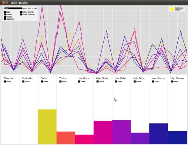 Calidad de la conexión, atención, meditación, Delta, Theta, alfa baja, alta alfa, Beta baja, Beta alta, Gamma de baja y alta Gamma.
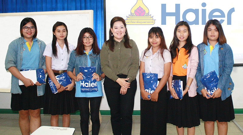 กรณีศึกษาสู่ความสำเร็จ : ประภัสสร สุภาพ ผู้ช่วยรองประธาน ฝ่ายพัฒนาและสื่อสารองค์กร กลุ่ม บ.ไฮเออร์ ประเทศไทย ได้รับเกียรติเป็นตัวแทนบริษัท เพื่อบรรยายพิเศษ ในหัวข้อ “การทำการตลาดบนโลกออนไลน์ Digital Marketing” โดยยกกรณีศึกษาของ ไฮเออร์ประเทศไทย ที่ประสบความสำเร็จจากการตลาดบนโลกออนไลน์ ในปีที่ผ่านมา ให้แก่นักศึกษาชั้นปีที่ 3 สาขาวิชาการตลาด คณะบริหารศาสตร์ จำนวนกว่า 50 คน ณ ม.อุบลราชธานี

####################

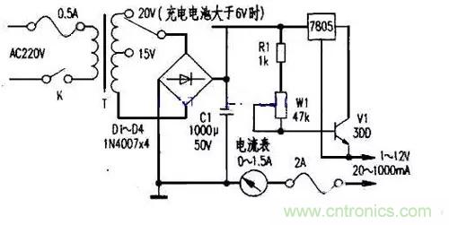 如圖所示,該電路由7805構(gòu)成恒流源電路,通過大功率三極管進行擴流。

####################

== To do ==
From the line with "Calidad de la" up to and including the line with "กรณีศึกษาสู่ความสำเร็จ : ประภัสสร" above, retype every line exactly and nothing more; leave out the pictures.

== Response ==
 Calidad de la conexión, atención, meditación, Delta, Theta, alfa baja, alta alfa, Beta baja, Beta alta, Gamma de baja y alta Gamma.
 กรณีศึกษาสู่ความสำเร็จ : ประภัสสร สุภาพ ผู้ช่วยรองประธาน ฝ่ายพัฒนาและสื่อสารองค์กร กลุ่ม บ.ไฮเออร์ ประเทศไทย ได้รับเกียรติเป็นตัวแทนบริษัท เพื่อบรรยายพิเศษ ในหัวข้อ “การทำการตลาดบนโลกออนไลน์ Digital Marketing” โดยยกกรณีศึกษาของ ไฮเออร์ประเทศไทย ที่ประสบความสำเร็จจากการตลาดบนโลกออนไลน์ ในปีที่ผ่านมา ให้แก่นักศึกษาชั้นปีที่ 3 สาขาวิชาการตลาด คณะบริหารศาสตร์ จำนวนกว่า 50 คน ณ ม.อุบลราชธานี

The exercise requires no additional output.